Kyunghyun Cho is an Assistant Professor at NYU’s Center for Data Science, and conducts research in the field of natural language processing. His recent paper, “Show, Attend and Tell: Neural Image Caption Generation with Visual Attention” proposes to use an attention-based model for image description.
Can you give us a bit of background on why you choose to look into the subject of image description?
One big question in the field of machine learning and artificial intelligence research is whether there exists a single, generic learning mechanism that can work with any type of data and task. Can we build an artificial neural network that works both on text and images? Can the deep convolutional neural network—which is widely used in object recognition—also work well with natural language text? These questions motivate much of my research.

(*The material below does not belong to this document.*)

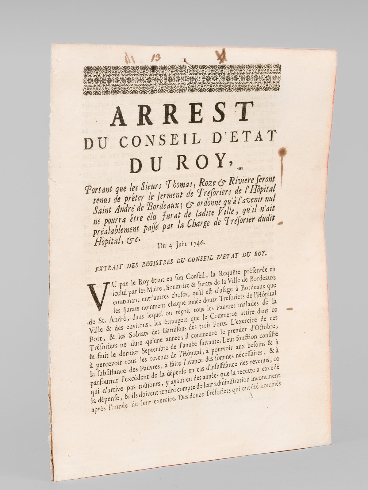 Arrest du Conseil d'Etat du Roy, Portant que les Sieurs Thomas, Roze & Rivière seront tenus de prêter le serment de Trésoriers de l'Hôpital Saint André de Bordeaux ; & ordonne qu'à l'avenir nul ne pourra être élu Jurat de ladite Ville, qu'il n'ait préalablement passé par la Charge de Trésorier dudit Hôpital, &c Du 4 juin 1746 [ On joint : ] Extrait des Registres de Parlement [du 15 mars 1590 sur la boucherie de l'Hôpital Saint André, pour la viande destinée aux pauvres malades pendant le Carême ]
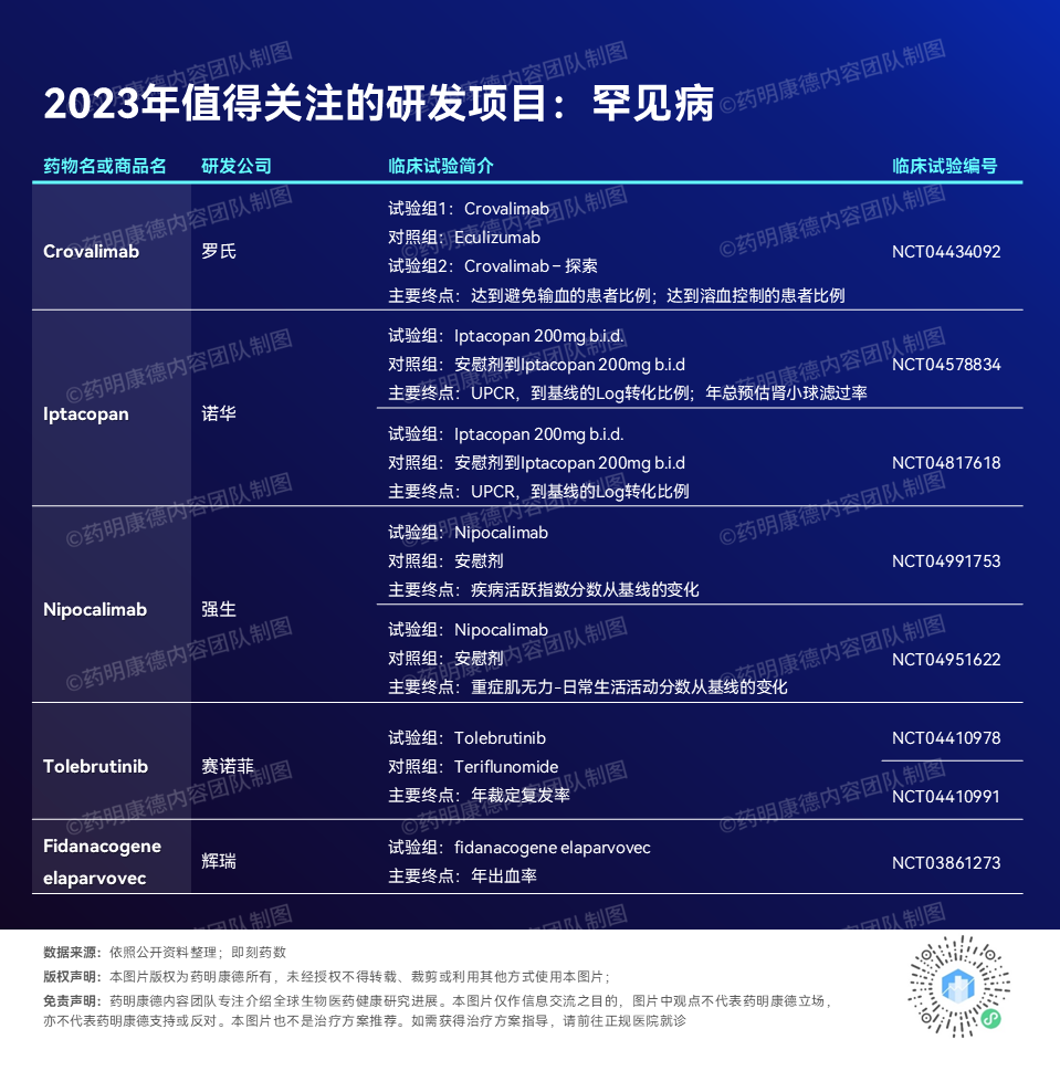 今年还有多款治疗罕见疾病的疗法值得关注,首先是两款靶向补体通路的疗法:罗氏的crovalimab是一款靶向补体蛋白C5的可循环使用的单克隆抗体,治疗阵发性睡眠性血红蛋白尿症(PNH)的3期临床结果预计在今年初公布。诺华的补体因子B抑制剂iptacopan也将公布两项3期临床试验结果,分别治疗原发性IgA肾病,以及C3肾小球病。

Before I came to NYU, I was conducting research at the University of Montreal, and my colleagues and I had developed a machine system that could translate a sentence into a target language. So then, I wondered: are the properties of neural machine translation generic enough to work on other types of problems? We noticed that, to an artificial neural network, an image is not too different from a natural language sentence, once it’s transformed into a real-valued continuous representation: they are both a bunch of numbers! This naive but important realization motivated me to work on translating an image to its description.
Was the task to be able to identify a single object, or was the task to figure out how objects stand in relation to each-other?
The goal was to generate a natural language description that would describe how parts of an image stand in relation to each other, as opposed to tagging which objects are in the image. Imagine an image where a dog is chasing a cat. Object detection will return a set of objects—the dog and the cat—but image caption generation will tell you that the dog is chasing the cat.
What are some of the practical applications for having computers being able to describe an image?
This sort of technology could be a new era for blind people. If you had this technology embedded into something like Google Glass, the image description system could tell a blind user what is going on in front of them.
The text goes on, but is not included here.